Ok, ok... Not ok but going to have to put that aside for now (forever, whispered a quiet part of her mind). Ah, when her meds wore off and withdrawal hit, panic was going to get So Much worse. But, box it away.
When in doubt, hit it with a brick. Just had to work out what 'it' was, and what was a relevant brick. It looked, as best as she could tell, like the inside of a metal lorry, divided into these cages. Maybe larger than a lorry, the gloomy blur beyond her focal length seemed wider than that. Maybe a ship? But it didn't feel to be at sea, and given the weather she remembered she would have expected to feel the movement of the deck. Although deck felt like the right word for the flooring.
Looking about again, that shape had moved, and might be saying something. Yeah, that was a face, and maybe hand actions close into their chest. Which she couldn't really see.
"Hello?" She tried. Squinting towards the figure, person, presumably fellow captive. The response was an immediate "cchhh" noise and the hands moving sharply over their mouth. No noises then. Moving with a mix of stiff clumsiness and exaggeration Morag raised her hands over her eyes in the shape of glasses, then out into a wide shrug. Hauling herself onto her hands and knees to crawl over closer to this potential ally.
They turned out to be a grim faced young woman, although the grim face was probably the situation rather than character, maybe. They were also dressed in dry office clothes. Deciding to risk a whisper, while miming between this woman and her own cage. “Can you see my glasses?” Croaked out, thankfully acceptably quiet, volume control was something Morag would have to remember to work on. After a few moments of peering the response came, negative. “No” softly and gently whispered back. Morag sagged, reaching to the bars, they reached back, their warm fingers curling against her own.

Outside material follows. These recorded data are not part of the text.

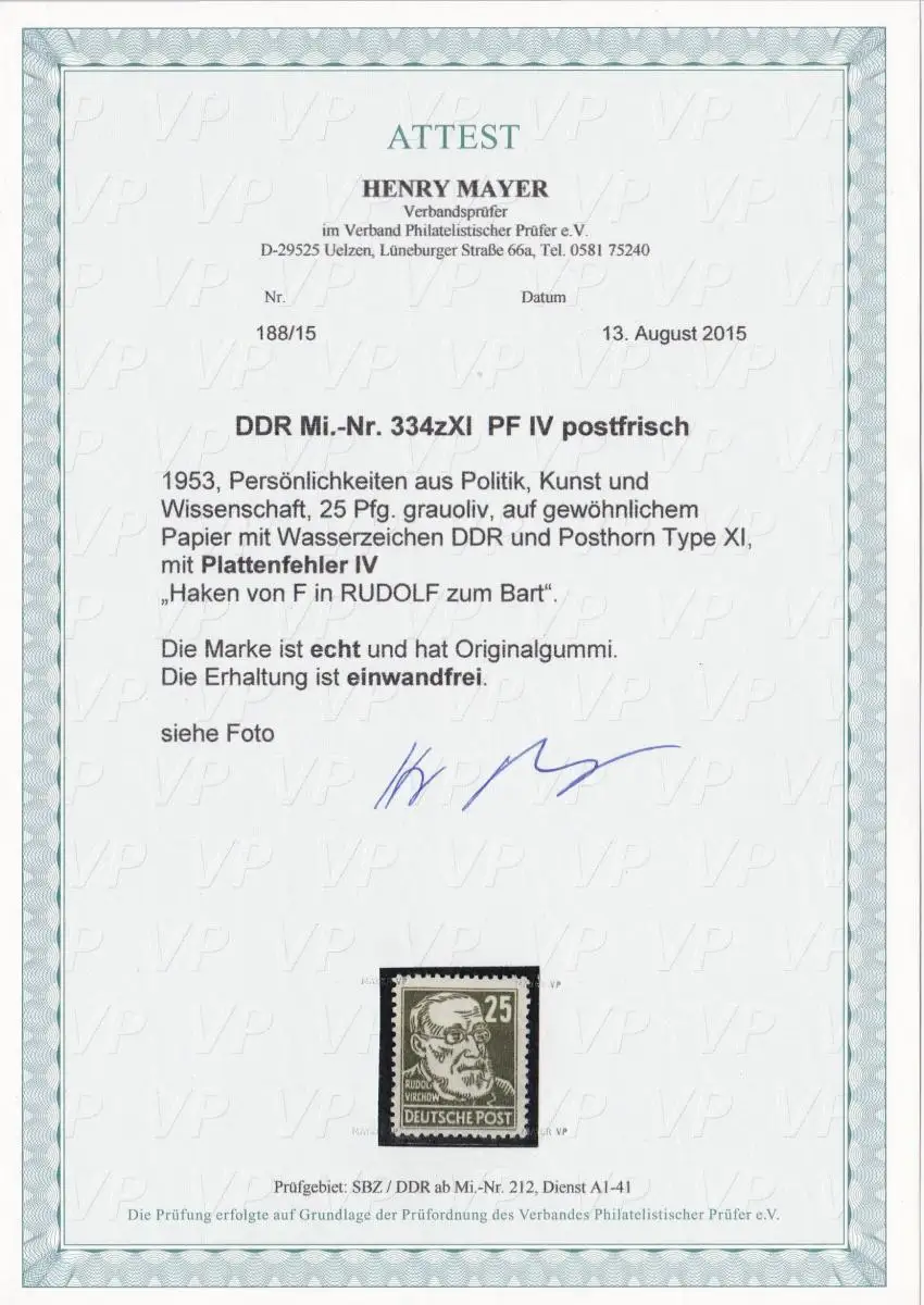 DDR: Min. 334zXI, erreur de plaque IV, frais, **
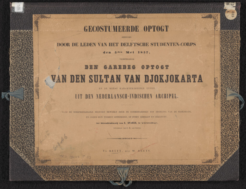 | Title | Gecostumeerde optogt, gehouden door de leden van het Delftsche Studenten-corps den 5den Mei 1857, voorstellende den Garebeg optogt van den Sultan van Djokjokarta en de meest karakteristieke typen uit den Nederlansch-Indischen archipel, naar de oorspronkelijke bronnen door de commissarissen tot regeling van de maskerade, en onder hun toezigt geteekend, op steen gebragt en gekleurd / steendr. van E. Spanier |
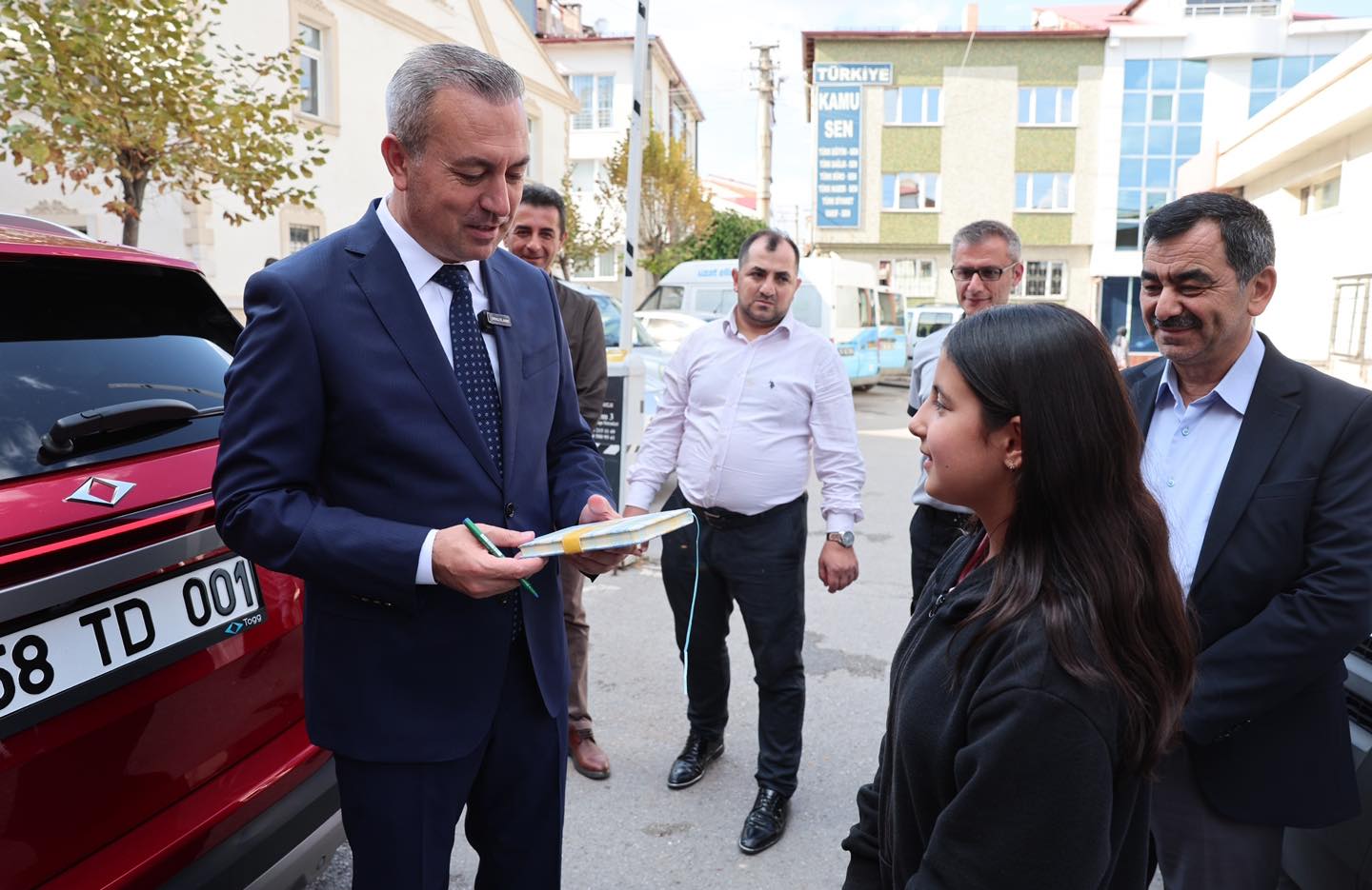 Ziyaret esnasında Aysima isimli bir öğrenciyle de sohbet eden Başkan Uzun, Aysima'nın istediği üzerine hatıra defterini imzaladı.

It was no good. Morag howled at this friendly contact, tears spilling from her eyes and breath catching in sobs. No boxes for this. It wasn't fair. It shouldn't happen to her. It shouldn't happen to anyone. There was a mix of hissing, shushing, and soothing noises. There must be more people here, but Morag was too overwhelmed to try to understand them. Gulping, and trying to talk, but her cheeks were stiff with frustrated emotions and only a quietly broken keen made it past her lips.With a clang of metal a door opened and a new figure stalked in. All noises in the hold were silent save for the steady crash of heavy bootfalls. Something was snarled in a deep and hissing voice of venom and disdain. Electricity coursed through the cage and Morags muscles, seizing tight and spasming painfully. The captor kicked at the bars and stalked out again.
There was nothing to hear but her own overwhelming breath and heartbeat. An exhausting cry left her shivering against the bars, her neighbour leaning up in support, despite the spreading dampness leaching into their clothing.

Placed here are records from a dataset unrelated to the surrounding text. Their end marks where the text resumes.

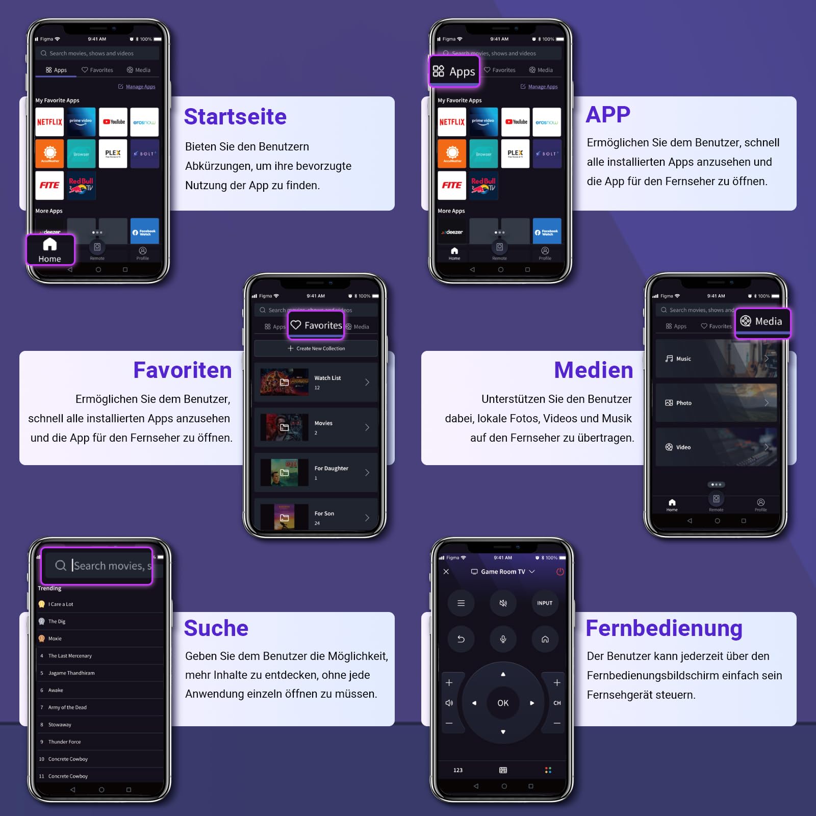 Ja, das ist möglich. Über die dazugehörige App können Sie Ihr Smartphone via WLAN als Fernbedienung nutzen, um Inhalte zu suchen oder den Fernseher zu steuern. Die Funktion zum Teilen des Bildschirms (Screen Sharing) erlaubt es Ihnen zudem, Fotos oder Videos von Ihrem Mobilgerät direkt auf dem Fernseher anzuzeigen.
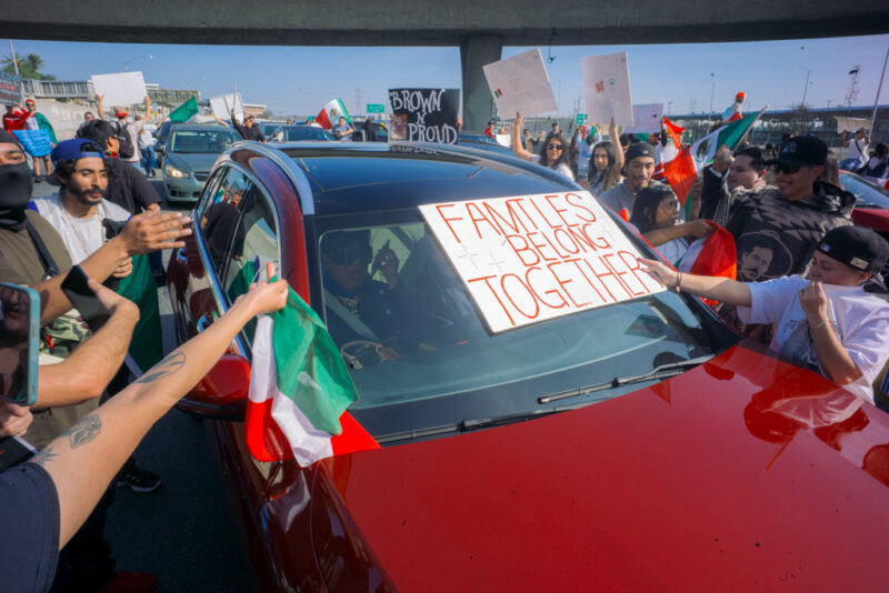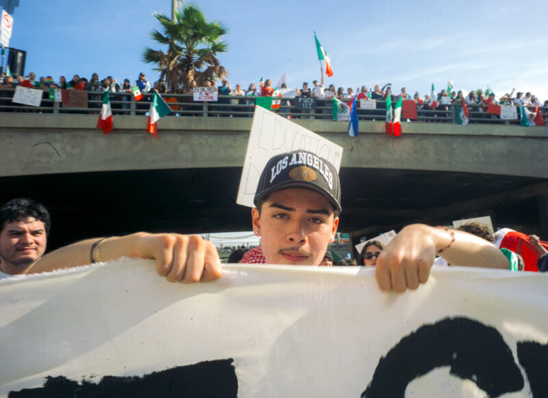 In Los Angeles, a large group of demonstrators blocked both sides of the 101 Freeway near the Alameda Street exit. Protesters had initially assembled on Olvera Street for what the Los Angeles Police Department described as an unauthorized demonstration. The crowd, numbering in the thousands, marched to City Hall before many moved onto the freeway.
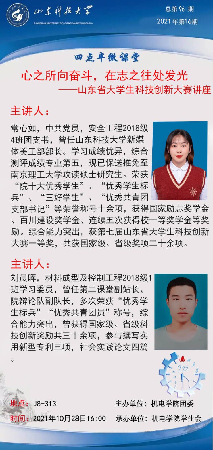 点击:为了激发学生对科技创新的兴趣,提升参赛能力,10月28日下午,机电学院在j8-313举办了“心之所向奋斗,在志之往处发光”山东省大学生科技创新大赛讲座暨第95期四点半微课堂,安全学院安全18-4班团支书常心如、机电学院材料18-1班学习委员刘晨辉担任主讲人。
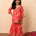 Girls Frock Style Art Silk Fabric Pink Color Printed Kurti And Sharara With Gotta Lace Work

"Who will feed my cat?" Morag whispered before falling into a distressed sleep. How that was the priority right now. With all the personal danger and unknowns, but Bot depended on her, she had a duty to sweet little Robot. Friends had keys, and it shouldn't be more than a day out of contact before someone would check on her. Find Bot, and feed her, reassure her. Deliberately not thinking about what any friend might fear finding at her flat. Much safer to think that the most spoiled cat in Scotland would be grumpy, hungry, and demanding when someone made it, but not in danger, please not dangerously underfed. Please not dead.